• INPUT FOR THIS TASK
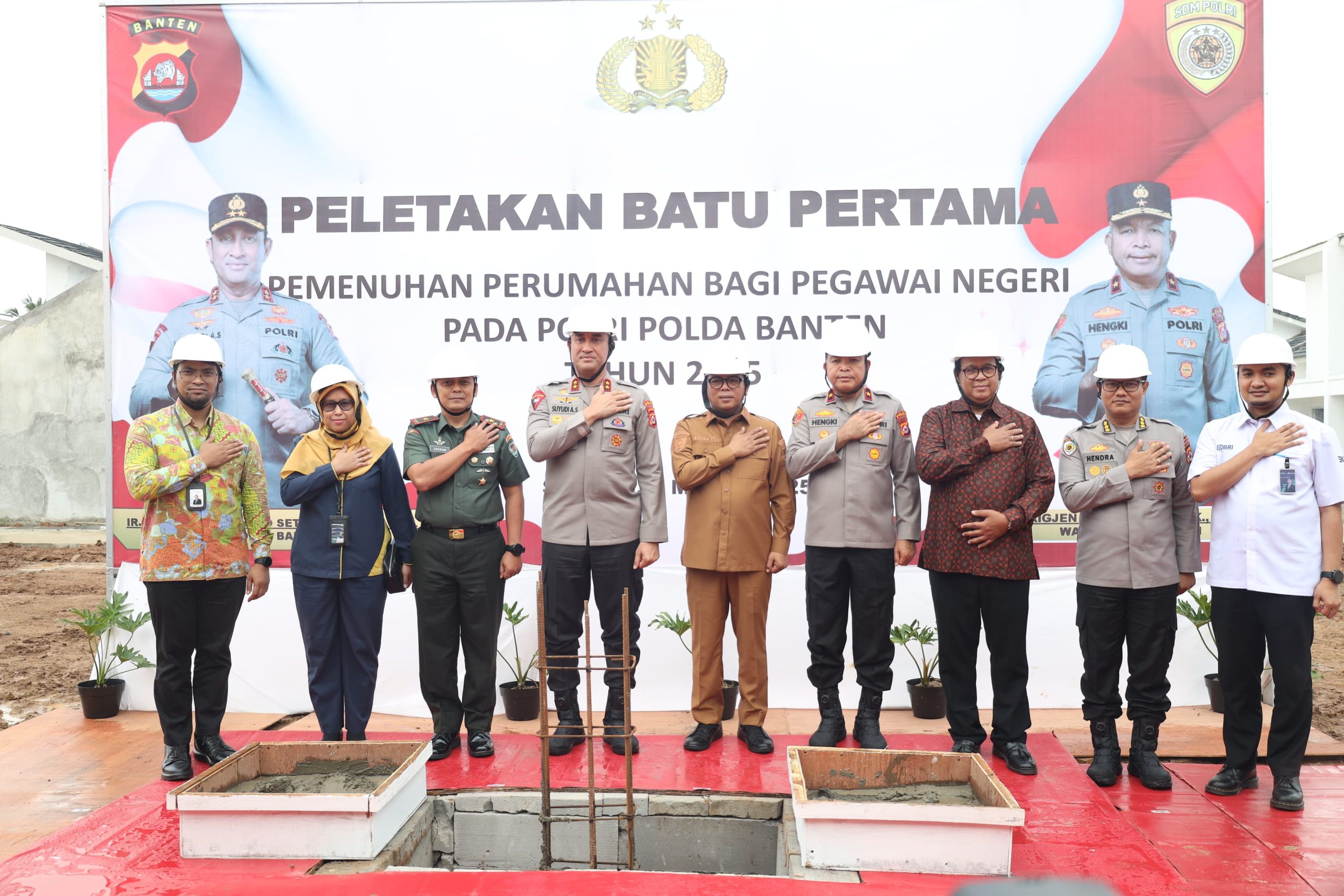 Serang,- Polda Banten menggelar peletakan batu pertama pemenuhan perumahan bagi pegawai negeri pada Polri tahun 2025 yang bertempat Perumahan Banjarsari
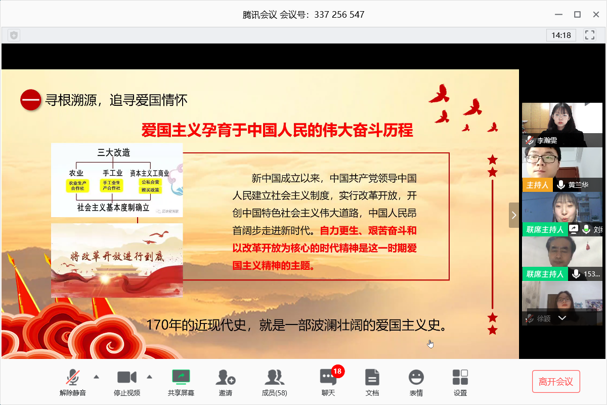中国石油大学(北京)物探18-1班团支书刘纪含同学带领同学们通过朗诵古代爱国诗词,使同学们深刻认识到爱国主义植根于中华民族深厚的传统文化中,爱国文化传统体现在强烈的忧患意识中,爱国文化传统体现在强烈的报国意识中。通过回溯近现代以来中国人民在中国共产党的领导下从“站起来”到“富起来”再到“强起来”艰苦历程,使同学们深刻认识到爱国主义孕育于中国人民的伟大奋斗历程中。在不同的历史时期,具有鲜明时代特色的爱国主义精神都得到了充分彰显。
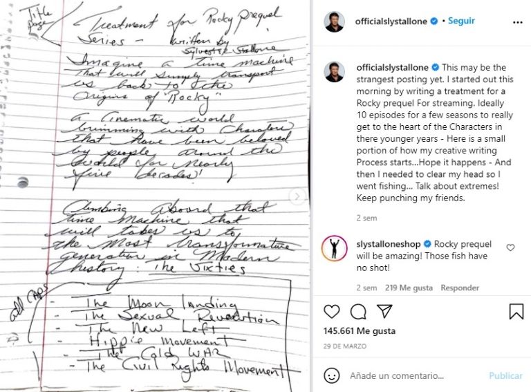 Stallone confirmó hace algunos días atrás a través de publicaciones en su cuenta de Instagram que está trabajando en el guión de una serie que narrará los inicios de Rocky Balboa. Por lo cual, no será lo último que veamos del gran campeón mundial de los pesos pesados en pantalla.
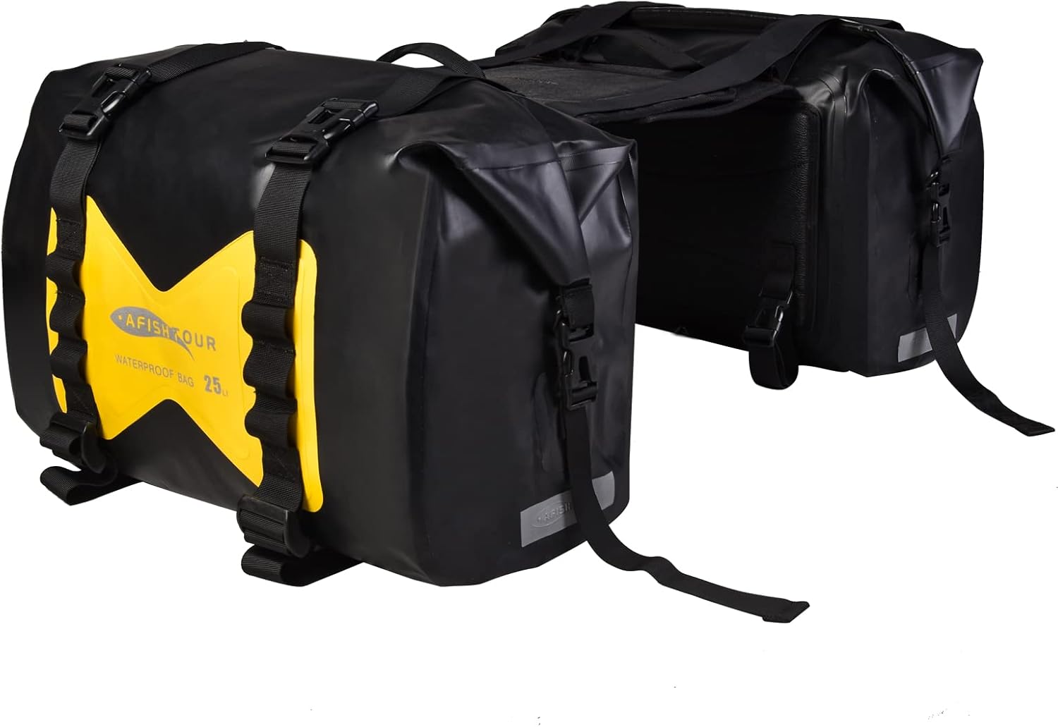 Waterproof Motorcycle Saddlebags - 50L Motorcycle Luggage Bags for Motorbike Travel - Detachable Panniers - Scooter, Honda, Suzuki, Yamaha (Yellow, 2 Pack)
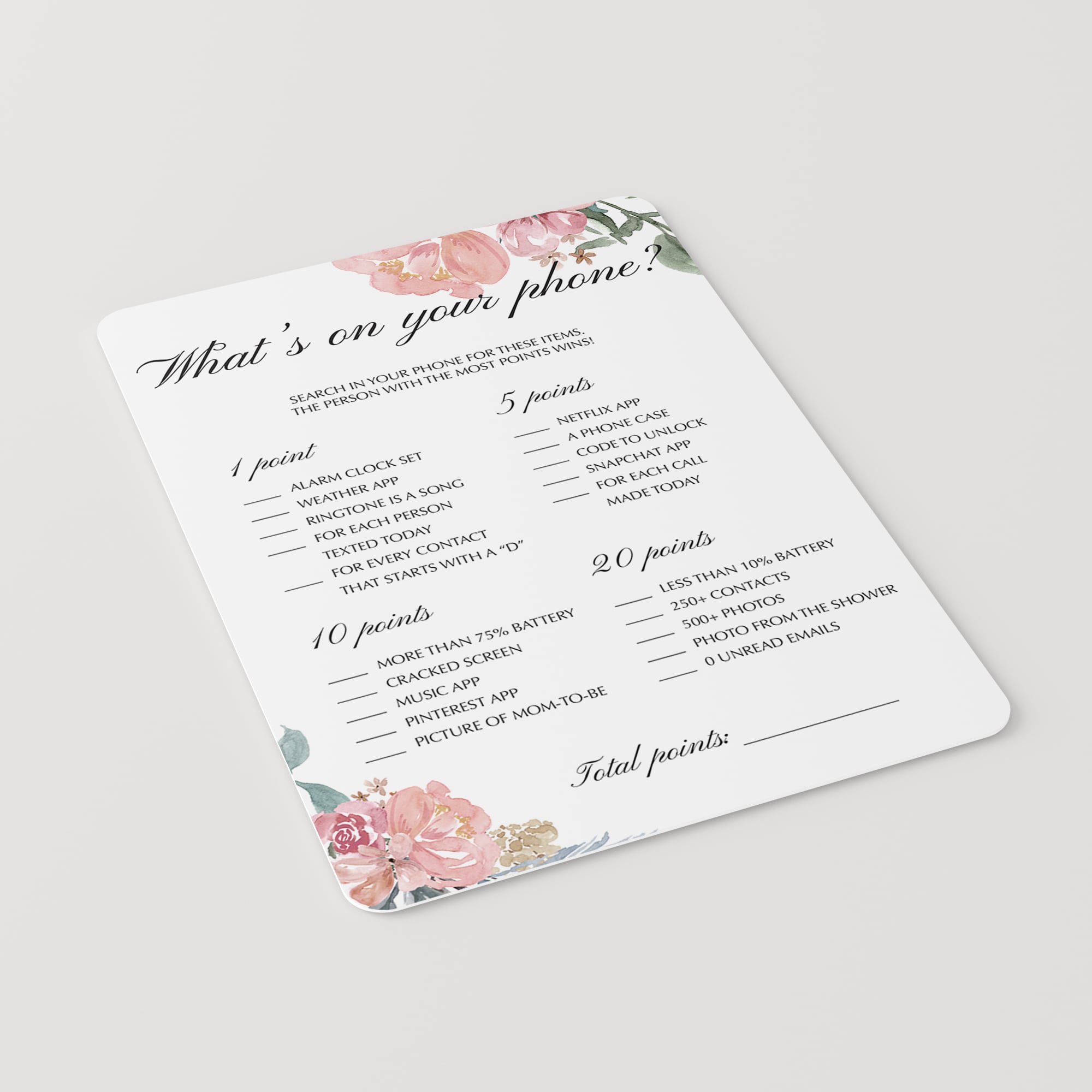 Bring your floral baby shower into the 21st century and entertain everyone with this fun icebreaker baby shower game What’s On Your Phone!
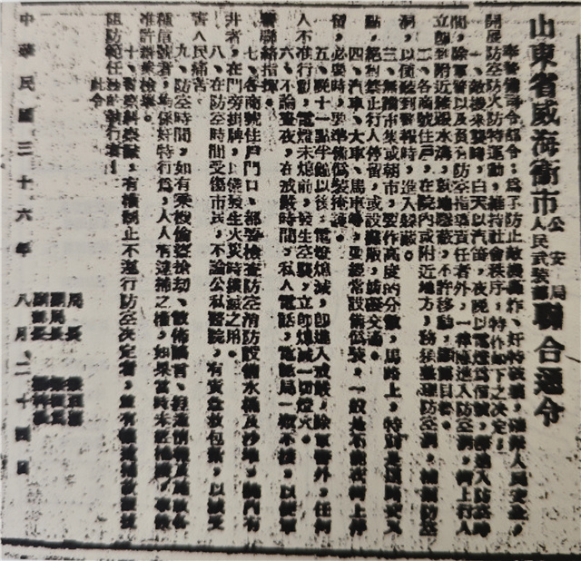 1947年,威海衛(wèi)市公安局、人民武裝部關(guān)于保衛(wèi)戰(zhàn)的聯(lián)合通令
...
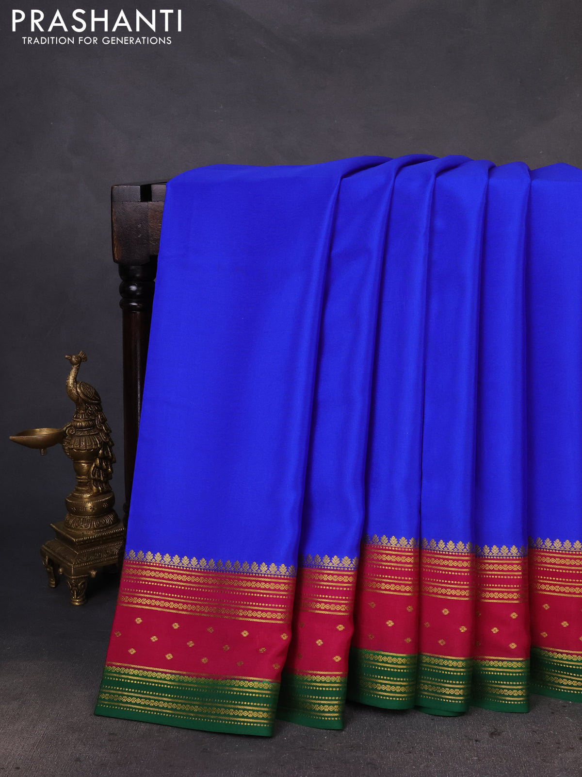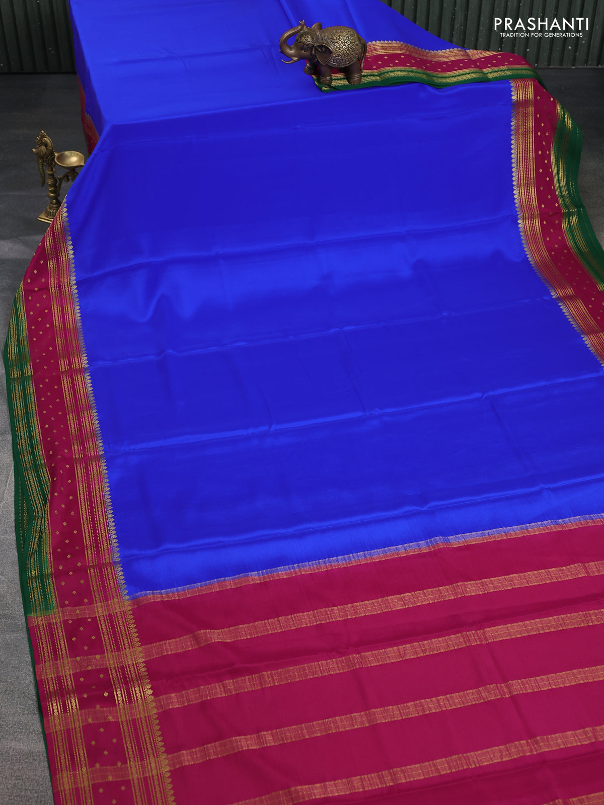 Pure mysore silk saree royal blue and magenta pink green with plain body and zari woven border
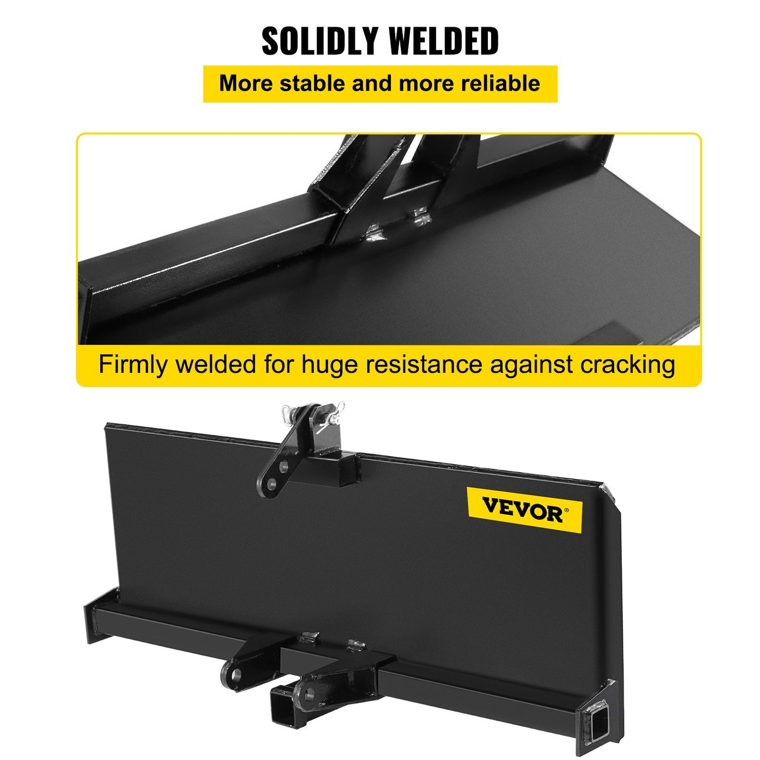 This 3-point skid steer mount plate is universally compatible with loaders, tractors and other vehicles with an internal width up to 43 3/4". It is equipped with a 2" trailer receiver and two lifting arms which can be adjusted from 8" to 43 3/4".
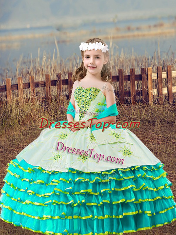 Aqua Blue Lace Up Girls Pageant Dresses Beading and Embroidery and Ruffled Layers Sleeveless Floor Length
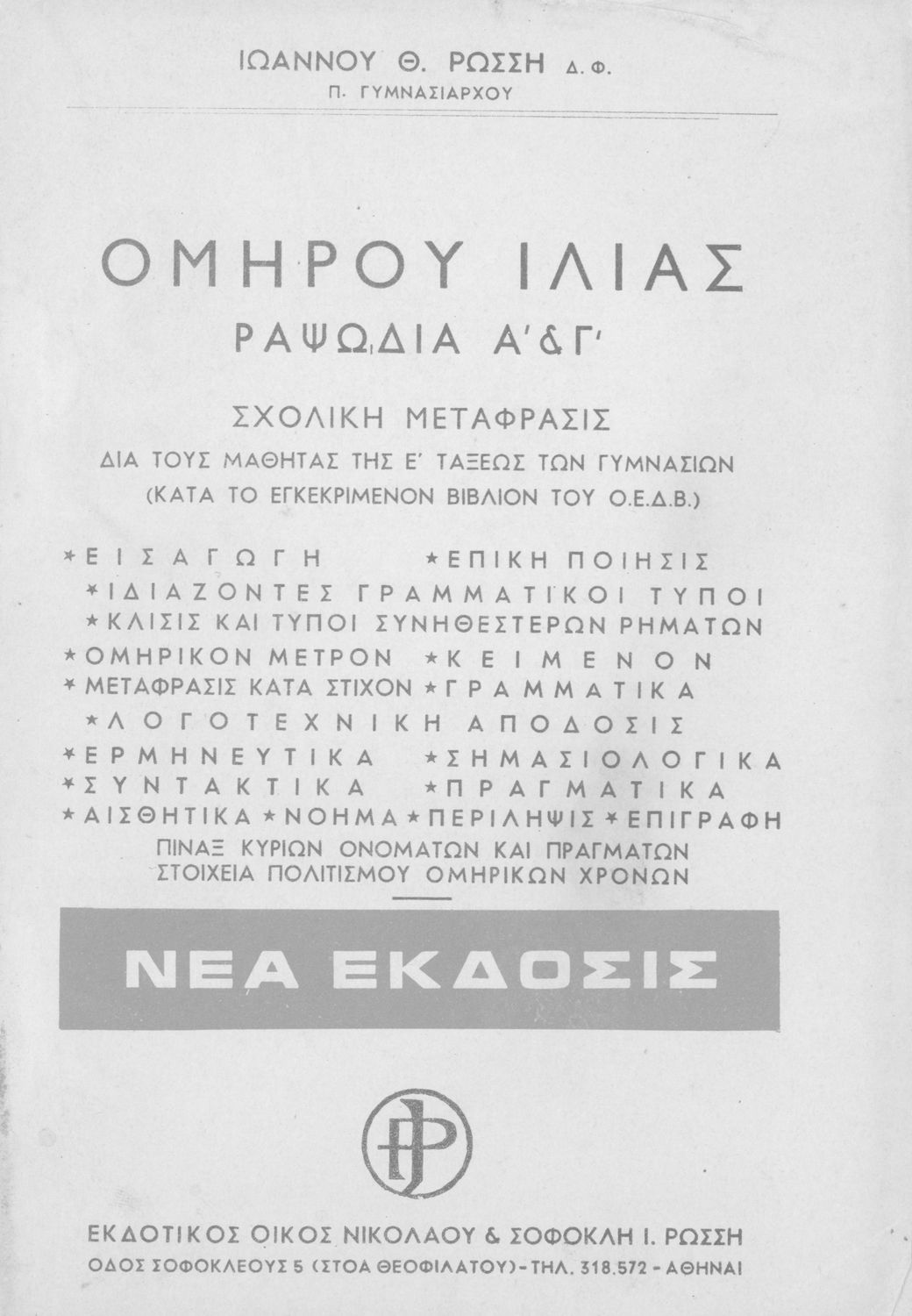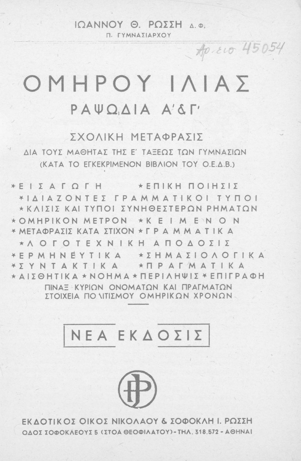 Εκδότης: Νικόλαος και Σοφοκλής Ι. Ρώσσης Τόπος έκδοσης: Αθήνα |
==
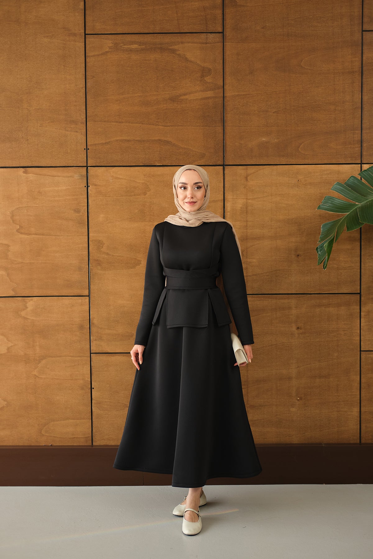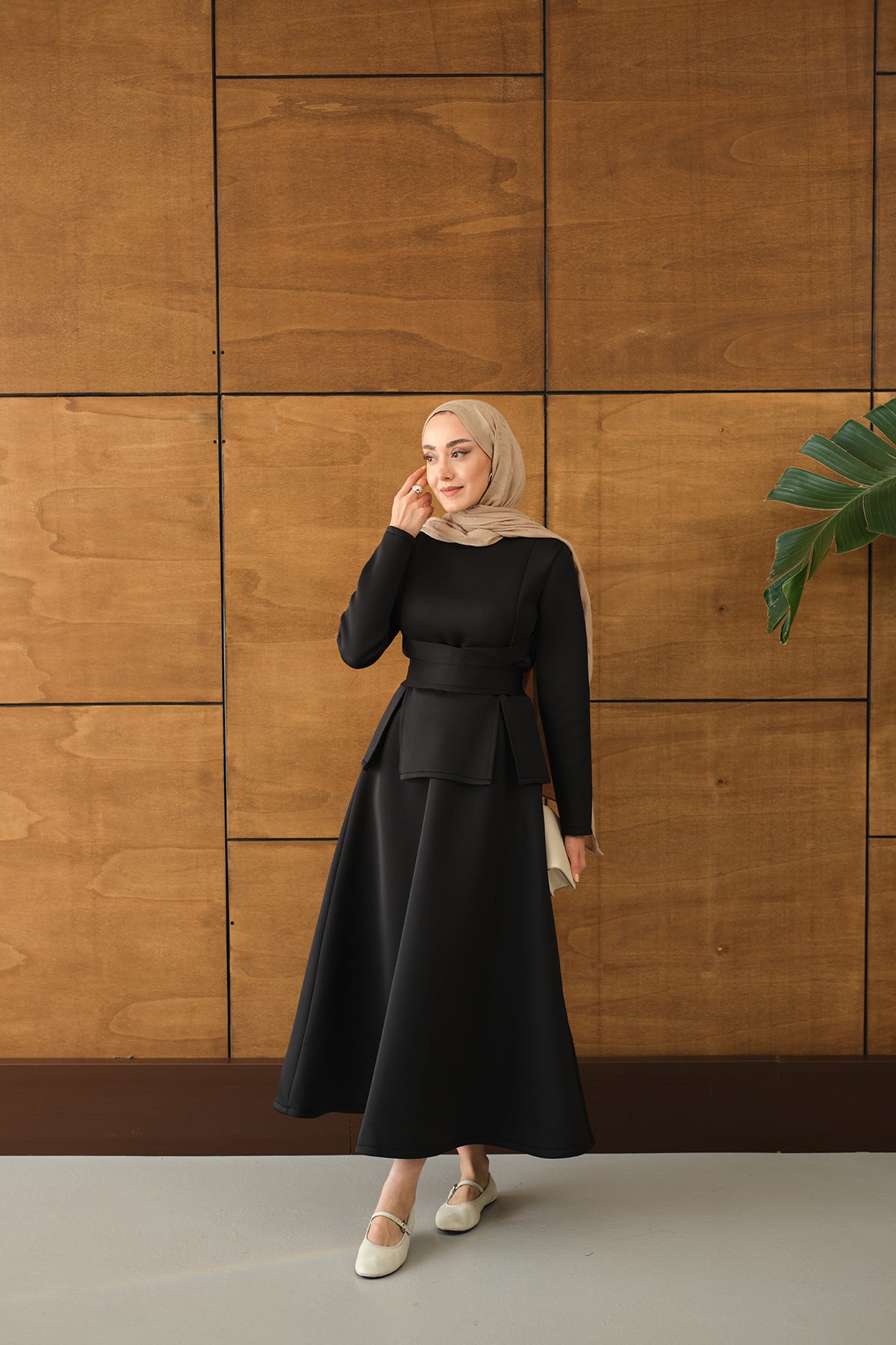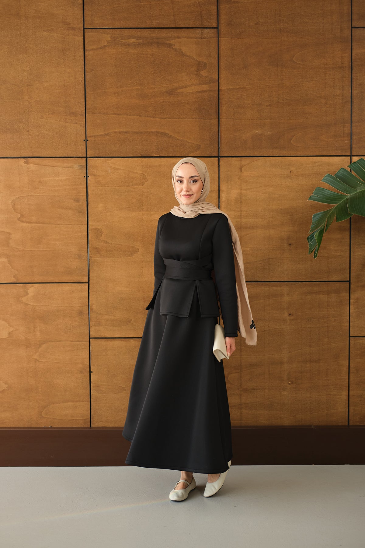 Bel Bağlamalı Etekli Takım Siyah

• WORK TASK
Working from the entries above, please transcribe only the lines from the line with "Bring your floral" through the line with "1947年,威海衛(wèi)", exactly, with both end lines and without pictures.

• OUTPUT
 Bring your floral baby shower into the 21st century and entertain everyone with this fun icebreaker baby shower game What’s On Your Phone!
 1947年,威海衛(wèi)市公安局、人民武裝部關(guān)于保衛(wèi)戰(zhàn)的聯(lián)合通令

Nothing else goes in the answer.